5.) Die geschilderten Gefahren für die Gesundheit der Antragstellerin und insbesondere für ihre Sehfähigkeit, die sich bei einem ungehinderten Fortgang ihrer Erkrankung mit hoher Wahrscheinlichkeit jederzeit realisieren und bei einen Einsatz hochenergetischer Röntgenstrahlen nicht ausschließen lassen können, lassen eine Verpflichtung der Antragsgegnerin im vorläufigen Rechtsschutzverfahren angezeigt erscheinen; denn die Antragsgegnerin hat – dem MDK Bayern folgend – das Vorliegen der geschilderten gegenwärtigen erheblichen Gefahren für die Gesundheit der Antragstellerin weder widerlegen noch durch ihr Vorbringen auch nur in Zweifel ziehen können. Schließlich ist nach den Ermittlungen des Sozialgerichts auch nicht erkennbar, dass auf Grund eindeutiger Erkenntnisse die Gefahr besteht, dass die begehrte Leistung unwirksam oder ihr Einsatz mit dem Risiko behaftetet ist, die abzuwendende Gefahr durch ihr zukommende Nebenwirkungen auf andere Weise zu verwirklichen. Von den die Antragstellerin behandelnden Radioonkologen wird die Protonentherapie als seit Jahren in der Tumortherapie bewährtes schonendes Verfahren der Strahlentherapie beschrieben; auch dieser medizinischen Einschätzung ist weder der MDK Bayern noch die Antragsgegnerin substantiiert entgegengetreten.
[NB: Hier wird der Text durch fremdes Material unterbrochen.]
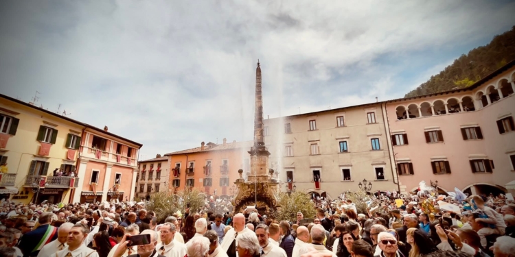 Nel cuore di Tagliacozzo, una piazza colma di fedeli e silenziosamente raccolta si è trasformata in uno spazio di intensa emozione e spiritualità. Dal balcone di piazza dell’Obelisco, il cardinale Fernando Filoni ha consegnato alla comunità un messaggio che ha attraversato la folla come un invito personale: “Dio ha un volto, quello di Cristo, che è misericordia”. È stato il momento più alto della solennità del Volto Santo, tra preghiera, tradizione e partecipazione popolare.

6.) Den erheblichen und schwerwiegenden Gefahren für die Gesundheit und insbesondere die Sehfähigkeit der Antragstellerin stehen bei einer Leistungsverpflichtung der Antragsgegnerin für diese nur geringe Beeinträchtigungen gegenüber: Nach einem Kostenvoranschlag der Chirurgischen Klink Dr. R soll die Behandlung am R Proton Therapie Center insgesamt Kosten von 18.978, 45 € zuzüglich 3.465 € Unterbringungskosten verursachen. Bei einem Kostenvolumen von mutmaßlich ca. 22.500 € und der Tatsache, dass es sich bei dem vorliegenden Fall im Hinblick auf die Seltenheit der Erkrankung (Inzidenz ca. 0,5 bis 2 Fälle pro einer Million Personen pro Jahr in Deutschland, vgl. Müller/Sörensen: Kraniopharyngeom im Kindes- und Jugendalter, Deutsches Ärzteblatt 2006, A 2634 ff.) und ihren schwerwiegenden Verlauf bei der Antragstellerin mit Rezidiven um einen nicht verallgemeinerungsfähigen Einzelfall handelt, ist eine (vorläufige) Verpflichtung der Antragsgegnerin im einstweiligen Rechtsschutzverfahren für diese ohne weiteres hinnehmbar. Zu berücksichtigen ist schließlich, dass die Behandlung am R Proton Therapie Center nicht mit dem hier veranschlagten Pauschalbetrag, sondern bei einer privatärztlichen Behandlung grundsätzlich unter Heranziehung der GOÄ – ggf. in entsprechender Anwendung – vorzunehmen sein wird.

Die Kostenentscheidung beruht auf § 193 SGG.

Dieser Beschluss kann nicht mit der Beschwerde an das Bundessozialgericht angefochten werden (§ 177 SGG).